The direction of the descent is:

\[\Delta x = -B_k^{-1} \nabla f(x)\]

  • \(B_k\) is an approximation of the Hessian that is continuously updated

  • See also Kylov methods to approximate Hessian

BFGS method

Special case of Quasi-Newton method: Broyden, Fletcher, Goldfarb and Shanno.

BFGS method

\[s_k = x_{k+1} - x_k\]

\[y_k = \nabla f(x^{k+1})-\nabla f(x^k)\]

\[\rho_k = \frac 1 {y_k^T s_k}\]

\[F_{k+1} = (I-\rho_k s_k y_k^T) F_k (I-\rho_k y_k s_k^T) + \rho_k s_k s_k^T\]

Descent direction \(F_k \nabla f(x)\) can be computed in \(O(N^2)\)

Problem 2 with gradient descent

  • For quadratic fcts, search directions are successively orthogonal

Problem 2 with gradient descent

  • This leads to longer paths than what could be expected

Conjugate gradient

  • Eliminate all of the error along one axis in one step

Problem 3 with gradient descent

As well as conjugate gradient:

  • In non-convex space, do not generalize well
    • Solution: simulated annealing
  • Requires to compute the gradient of the error over the full corpus

Stochastic Gradient Descent

Assume the function to minize has the form: \[f(x)=\frac 1 T \sum_t^T f_t(x)\]

This is the case for

  • maximum likelihood training
  • empirical loss minimization

Stochastic Gradient Descent

Standard Gradient Descent:

\[x \leftarrow x - t\nabla f(x)\]

SGD approximates the gradient with the gradient at a single sample:

\[x \leftarrow x - t\nabla f_i(x)\]

In practice:

  • Shuffle the dataset at the beginning of each epoch
  • Iterate over all samples in the dataset

SGD convergence

There are proofs that, under relatively mild assumptions, and when the learning rates \(t\) decrease with an appropriate rate, then SGD converges almost surely to a global minimum when the function is convex, and otherwise to a local minimum.

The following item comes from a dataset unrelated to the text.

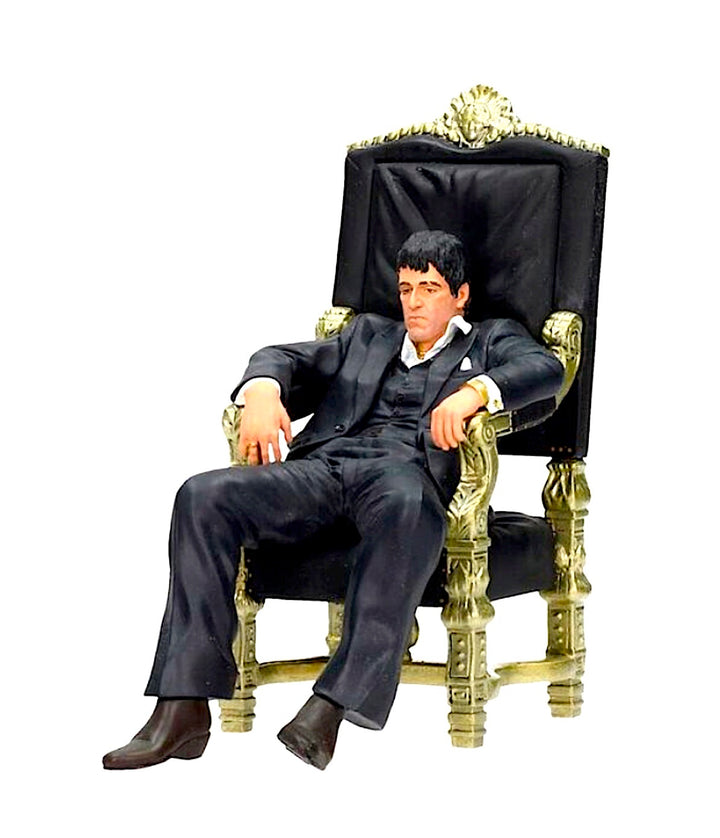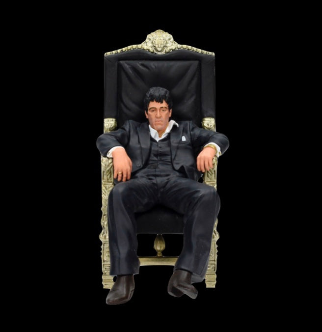 Tony Montana in his chair, based on one of the most recognizable scenes of the movie Scarface.

  • SGD + back-propagation is used to train all deep neural nets

  • Recent research works suggest that SGD is so successful because such an approximation of the gradient strongly regularizes the learning process.

SGD with momentum

Momentum:

\[\Delta x \leftarrow \alpha \Delta x - t \nabla f_i(x)\]

  • There’s a “memory” / “inertia” of the previous update
  • This prevents oscillations

Other SGD extensions

  • decay: the learning rate decreases over time

  • Adagrad: different learning rate per dimension

  • RMSProp: uses a running average of recent gradients per dimension

  • Adam: enhancements of RMSProp

  • mini-batch SGD: rule of thumb: use 32, 64, 128 or 256

Reminders: ConvNet

Limits of feed-forward networks

Example: Check whether a person appears in a photo

  • reduced B&W photo: 300x200 = 60k inputs
  • several layers, for instance 60k X 1000 X 10 neurons
  • 60M parameters (=connections) !
  • Sample 1: the person appears on the top-left of the photo
  • Sample 2: the same person appears on the bottom-right of the photo
  • Common information between both samples is lost !

Reduce number of parameters by sharing connection weights:

  • Exploit the structural properties within data
  • E.g., for images: invariance to translation
    • So we can use the same set of weights at various positions of the image
    • \(\rightarrow\) convolutional networks
  • E.g., for speech: Markov property of the signal
    • \(\rightarrow\) recurrent networks
  • E.g., for graph data:
    • \(\rightarrow\) graph convolutional networks

2D convolution

Kernel size = 3x3

  • Input image \(I\)
  • Kernel \(K=\) matrix of size \(h \times w\)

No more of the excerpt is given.